O'Brien Jessica Rae, Raynaud Celine, Croux Christian, Girbal Laurence, Soucaille Philippe, Lanzilotta William N
Department of Biochemistry and Molecular Biology, University of Georgia, Athens, Georgia 30602, USA.
Biochemistry. 2004 Apr 27;43(16):4635-45. doi: 10.1021/bi035930k.
The molecular characterization of a B12-independent glycerol dehydratase from Clostridium butyricum has recently been reported [Raynaud, C., et al. (2003) Proc. Natl. Acad. Sci. U.S.A. 100, 5010-5015]. In this work, we have further characterized this system by biochemical and crystallographic methods. Both the glycerol dehydratase (GD) and the GD-activating enzyme (GD-AE) could be purified to homogeneity under aerobic conditions. In this form, both the GD and GD-AE were inactive. A reconstitution procedure, similar to what has been reported for pyruvate formate lyase activating enzyme (PFL-AE), was employed to reconstitute the activity of the GD-AE. Subsequently, the reconstituted GD-AE could be used to reactivate the GD under strictly anaerobic conditions. We also report here the crystal structure of the inactive GD in the native (2.5 A resolution, Rcryst = 17%, Rfree = 20%), glycerol-bound (1.8 A resolution, Rcryst = 21%, Rfree = 24%), and 1,2-propanediol-bound (2.4 A resolution, Rcryst = 20%, Rfree = 24%) forms. The overall fold of the GD monomer was similar to what has been observed for pyruvate formate lyase (PFL) and anaerobic ribonucleotide reductase (ARNR), consisting of a 10-stranded beta/alpha barrel motif. Clear density was observed for both substrates, and a mechanism for the dehydration reaction is presented. This mechanism clearly supports a concerted pathway for migration of the OH group through a cyclic transition state that is stabilized by partial protonation of the migrating OH group. Finally, despite poor alignment (rmsd approximately 6.8 A) of the 10 core strands that comprise the barrel structure of the GD and PFL, the C-terminal domains of both proteins align well (rmsd approximately 0.7 A) and have structural properties consistent with this being the docking site for the activating enzyme. A single point mutation within this domain, at a strictly conserved arginine residue (R782K) in the GD, resulted in formation of a tight protein-protein complex between the GD and the GD-AE in vivo, thereby supporting this hypothesis.

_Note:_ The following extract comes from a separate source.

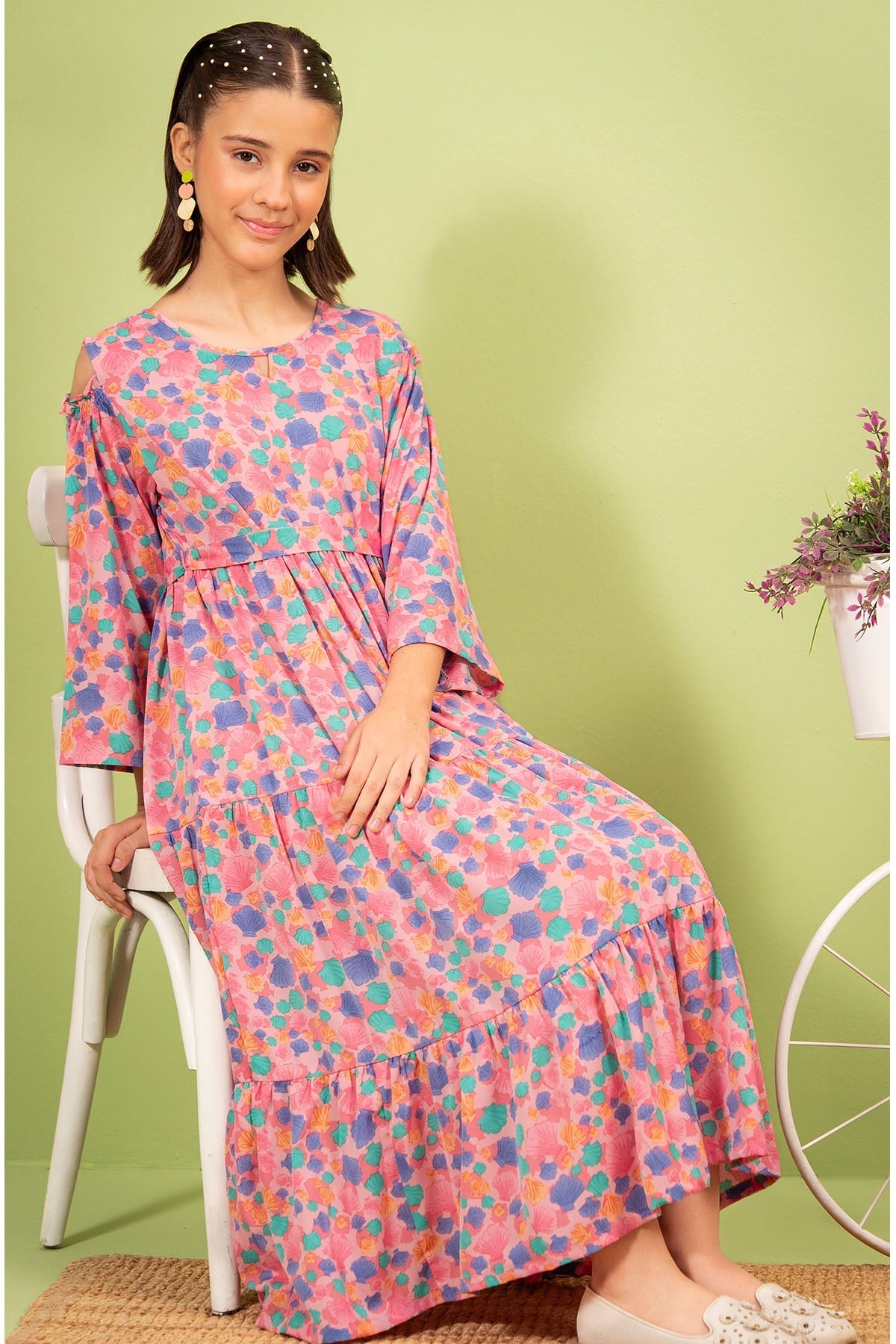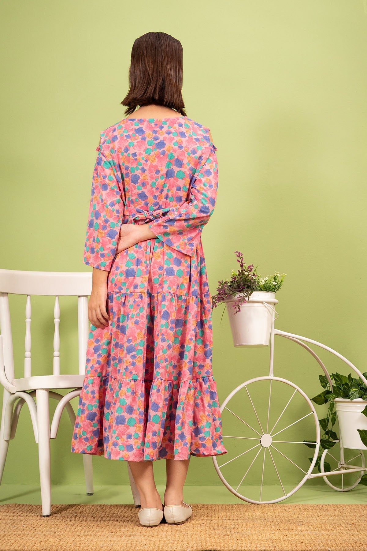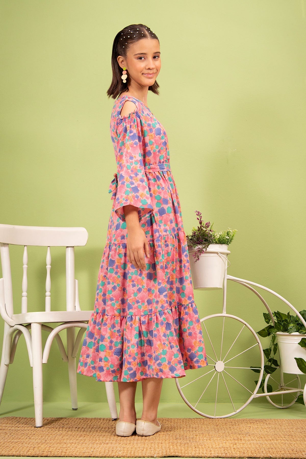 Top: Pink Printed Georgette DressNote: Available and Exchangeable online only

最近有报道称对丁酸梭菌中一种不依赖维生素B12的甘油脱水酶进行了分子特征分析[雷诺,C.等人(2003年)《美国国家科学院院刊》100,5010 - 5015]。在这项工作中,我们通过生化和晶体学方法对该系统进行了进一步表征。甘油脱水酶(GD)和GD激活酶(GD - AE)在有氧条件下均可纯化至均一状态。在此形式下,GD和GD - AE均无活性。采用了一种类似于丙酮酸甲酸裂解酶激活酶(PFL - AE)所报道的重构程序来重构GD - AE的活性。随后,重构后的GD - AE可用于在严格厌氧条件下重新激活GD。我们在此还报道了无活性GD在天然状态(分辨率为2.5 Å,Rcryst = 17%,Rfree = 20%)、甘油结合状态(分辨率为1.8 Å,Rcryst = 21%,Rfree = 24%)和1,2 - 丙二醇结合状态(分辨率为2.4 Å,Rcryst = 20%,Rfree = 24%)下的晶体结构。GD单体的整体折叠结构与丙酮酸甲酸裂解酶(PFL)和厌氧核糖核苷酸还原酶(ARNR)所观察到的相似,由一个10链的β/α桶状基序组成。两种底物均观察到清晰的电子密度,并提出了脱水反应的机制。该机制明确支持通过一个环状过渡态使OH基团迁移的协同途径,该过渡态通过迁移的OH基团的部分质子化得以稳定。最后,尽管构成GD和PFL桶状结构的10条核心链的比对效果较差(均方根偏差约为6.8 Å),但两种蛋白质的C末端结构域比对良好(均方根偏差约为0.7 Å),并且具有与作为激活酶对接位点相一致的结构特性。GD中该结构域内一个严格保守的精氨酸残基(R782K)处的单点突变,导致在体内GD与GD - AE之间形成紧密的蛋白质 - 蛋白质复合物,从而支持了这一假说。